(Given information):
--*--

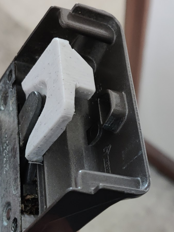 The plastic part inside this latch broke, and I wanted to print a replacement. I was genuinely surprised at how straightforward it was!! This is my first draft: it fit and worked fine! I made a second version with a few cutaways around the corners, and that was the final draft. (I forgot to take a picture of that one.)
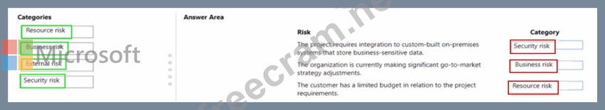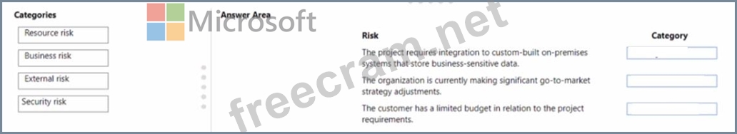 How should you categorize the risks? To answer, drag the appropriate categories to the correct risks. Each category may be used once, more than once, or not at all. You may need to drag the split bar between panes or scroll to view content.
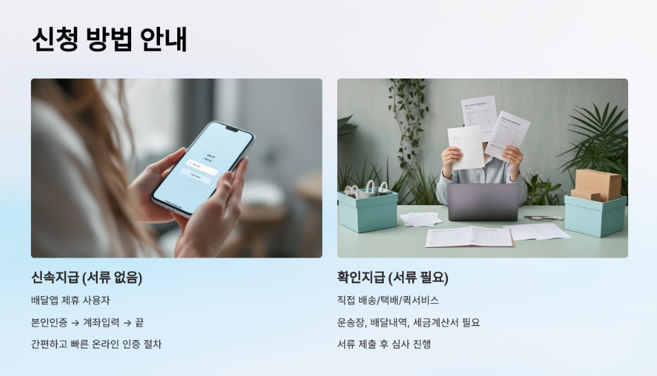 특히 직접 배달하는 경우, 서류 준비가 제대로 안 돼서 지원 누락되는 경우가 많아요!

--*--

(What is expected): The reply has to reproduce every line above verbatim and contain no pictures.

(Answer to this task):
 The plastic part inside this latch broke, and I wanted to print a replacement. I was genuinely surprised at how straightforward it was!! This is my first draft: it fit and worked fine! I made a second version with a few cutaways around the corners, and that was the final draft. (I forgot to take a picture of that one.)
 How should you categorize the risks? To answer, drag the appropriate categories to the correct risks. Each category may be used once, more than once, or not at all. You may need to drag the split bar between panes or scroll to view content.
 특히 직접 배달하는 경우, 서류 준비가 제대로 안 돼서 지원 누락되는 경우가 많아요!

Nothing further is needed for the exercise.